When I started this blog I wasn't sure if anyone I knew would read it. I wasn't sure if I wanted to connect it to my real life even. I thought it might just be this anonymous alter ego thing that I put out there and no one knew the real me. I think the anonymous part is important part of Al-Anon. However that is slowly changing over time. I'm learning to connect myself to the blog. I'm also starting to take myself seriously as a writer outside the blog world, and I'm starting to put more effort into it. I'm realizing that I have hobbies and skills that are actually useful, even if no one but me acknowledges them. I'm hoping to feed and nurture these parts of me better than I have been for the last few years. In doing so I should gain my sense of "self" back again, something I have a habit of losing over and over again. Too often in life I am "A Cute Girl's Mom" or "Wife of Somebody Important". Rarely am I "Somebody". Need to work on that I guess, over and over.


And this blog post strikes me as something that I might cross over to my other blog as well, at least in parts. Hmm... another thing I never planned to do. I hope no one is offended at me doing this. It just seems so fitting to be posting it on both places. The post started as something about "writing" but evolved into the whole "Somebody" thing.

Repeat--

In doing so I should gain my sense of "self" back again, something I have a habit of losing over and over again.... Need to work on that I guess, over and over.

Tuesday, June 1, 2010

This was home for the weekend

I'm glad to be back now. We survived a weekend as tourists in Vermont, among the many New Yorkers who were there. Daughter was homesick after only a day or two, but we stuck it out for 3 nights anyway. I did take the time to do some reading and writing while I was away, and I wish I could tell you my favorite thing, but I'm not sure what it was. Maybe the serenity when I could find it. It was nice to live simply and not have big worries for a few days.

Wednesday, April 14, 2010

Coming soon-- photography

Thanks to digital cameras everyone lately seems to feel like they are a photographer. I got a new digital camera for Christmas, and it is finally one that it is in my comfort zone. Slowly I am learning how to use it, and slowly I am remembering to slip it in my pocket for every day things. As a result, I have some photos of the lake, of nature, of things that aren't my daughter, and things that are.

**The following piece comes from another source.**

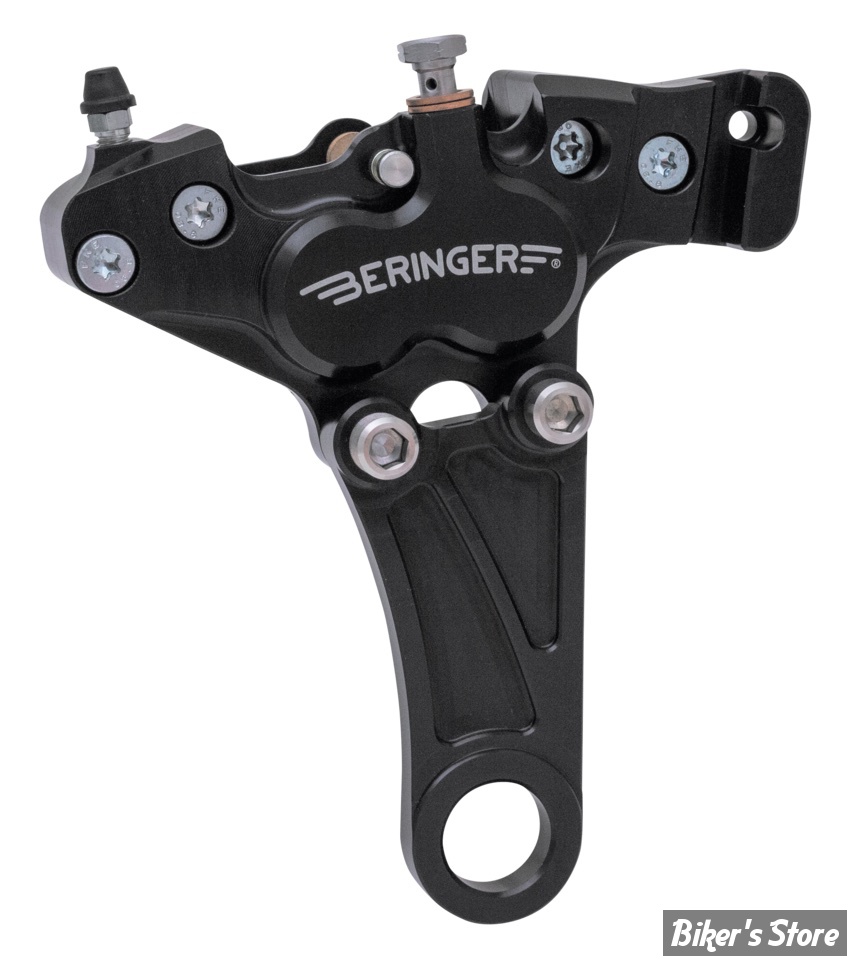 Beringer fabrique des freins depuis plus de 15 années et est apprécié par beaucoup d'usines et de teams de course pour leur exceptionnelle fiabilité. Cette compagnie a achevé un avantage technologique décisif avec leurs innovations brevetées. Beringer est également le fabricant pour n'importe quelles autres motos. Les freinages Beringer sont fabriqués selon les normes ISO 9001 et sont homologuées. Ces étriers sont usinés en aluminium de qualité aviation, le même qui est utilisé dans dans les avions supersoniques. Cet aluminium combine la réduction de poids, résistance à la déformation, même à haute température. Les pistons sont alliage d'inox. L'inox ne conduit qu'un treizième de la châleur conduite par l'aluminium ce qui isole parfaitement l'étrier de la châleur générée par les plaquettes. De plus les pistons en inox éliminent la possibilité de corrosion. Tous les étriers sont usinés CNC pour répondre aux plus hauts standards et pour garantir une épaisseur optimale des matériaux. Les étriers Beringer se distinguent par un freinage incisif avec un temps de réponse très court. Un freinage plus fort et plus aggressif est obtenu avec un effort au levier constant. Avec ces étriers il faut seulement 16.5 bars de pression pour avoir le même résultat que d'autres étrier avec 20 bars. Ces étriers sont disponibles pour l'avant ou pour l'arrière en versions 4-pistons ou 6-pistons et finitions polie, noire anodisée ou chromée.

Soon I will post some of the nature and lake ones here. My bit to contribute to the serenity of my fellow readers and bloggers. I am not a photographer, I am a writer. I will claim that. Even when I cannot write every day as I know all GOOD writers must, I still claim it.

My love of the lake, my love of water, comes from my alcoholic mother. My mother who spends too much time in the sun, and doesn't use sunblock, and tans to colors likely to induce skin cancer.. she gave me the gift of loving the beach and of loving the water. I'm a terrible swimmer, and have a lifelong phobia of diving, but I love being in the water anyway. I am passing that love on to my daughter. For the past several days we have made trips to the 2 beaches that we can walk to. It's too cold for swimming, but we bring the sand toys and play. Yesterday we made a sand castle at the "little beach"; on the weekend we visited the "big beach". As spring continues it's quest for summer, I am enjoying these times of serenity with her. I know these years will pass by quickly, and I want to hold on to them for as long as I can.

The child's birthday is over, Easter is passed us, and taxes have finally been completed (whew!). We have some more big events coming our way in May; but for today, for tomorrow, and as long as the rain stays away, I am enjoying the outdoors and being a working mother as much as I can.

Friday, March 5, 2010

Friday Flash 55- Can I do 55?

I've heard the challenge, and here is my response--


My mother is turning 60 next week. Whether I love her or hate her, I probably won't see her on many of her birthdays. I know she will return to Florida just as soon as she can. I don't think she'll go this summer, but she might go next summer. Happy Birthday Mom! Love you.